LA TRIBUNE DIMANCHE - Bercy a identifié 5,6 milliards d'euros de trésorerie dans les caisses des universités, préconisant d'en prélever une part pour réduire le déficit. Que répondez-vous ?
GUILLAUME GELLÉ - Au moment où un nouveau gouvernement s'installe, je rappelle avec force le rôle majeur joué par l'université dans la formation de la jeunesse, la réponse aux besoins des entreprises, la croissance durable, la réindustrialisation, la souveraineté et le rayonnement de la France. Le niveau du déficit public oblige certes l'exécutif à la prudence. Mais il ne faut pas se tromper de diagnostic. La proposition de l'Inspection générale des finances [IGF] consiste à réduire les financements des opérateurs de l'État au motif de leurs excédents de trésorerie. Cela ne peut s'appliquer aux universités, sauf à les contraindre à des gels massifs d'emplois ou à l'arrêt de projets scientifiques, lorsque cet argent est fléché. Cette trésorerie n'est pas de l'argent qui dort !

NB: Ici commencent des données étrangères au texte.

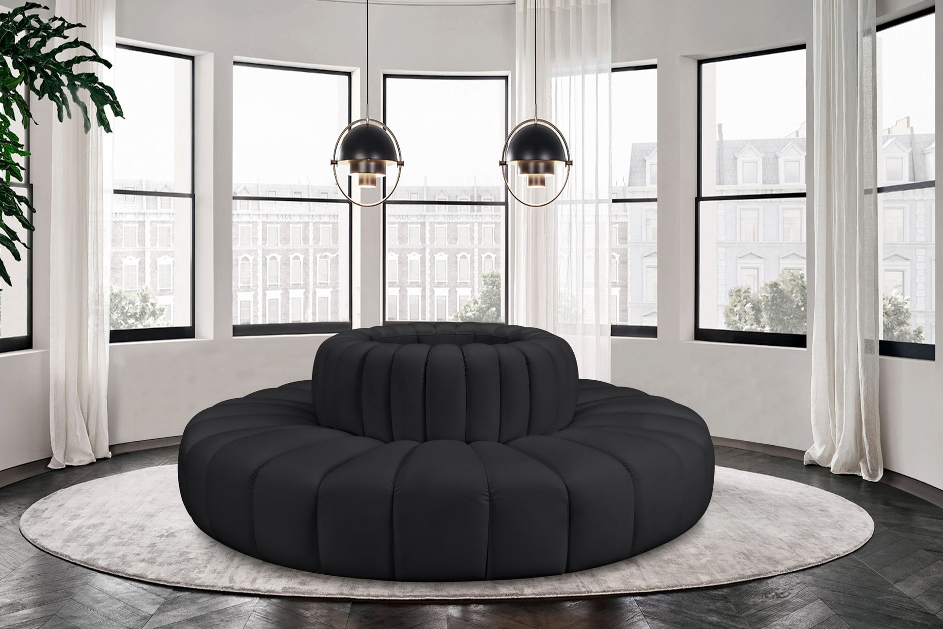 Arc - Faux Leather 8 Piece Round Modular Sofa - Black
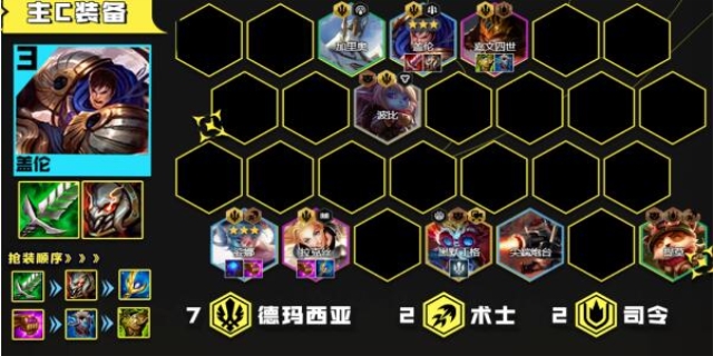 阵容搭配。能选盖伦、德莱厄斯、瑟提、亚托克斯、沃里克、内瑟斯、嘉文四世、娑娜等英雄,主要羁绊包括5德玛、3约德尔、2主宰、2术士、2司令等。
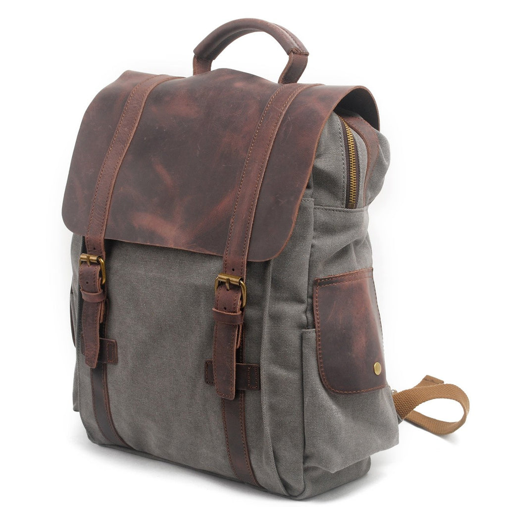 Style: Cool Canvas Leather Mens Retro College Travel Backpack Computer Hiking Backpack for Men

Une grande partie est gagée par les projets liés à France 2030 ou à l'Europe, et l'IGF reconnaît elle-même qu'elle n'est pas en mesure d'estimer cette part. Les universités, ne pouvant emprunter, sont contraintes d'épargner pour investir. Cette trésorerie n'obéit pas non plus à un principe de vases communicants d'un établissement à l'autre. Une politique d'austérité casserait la dynamique positive dans laquelle nous sommes, reconnue au niveau international. La recherche et la formation doivent constituer un investissement prioritaire pour l'État.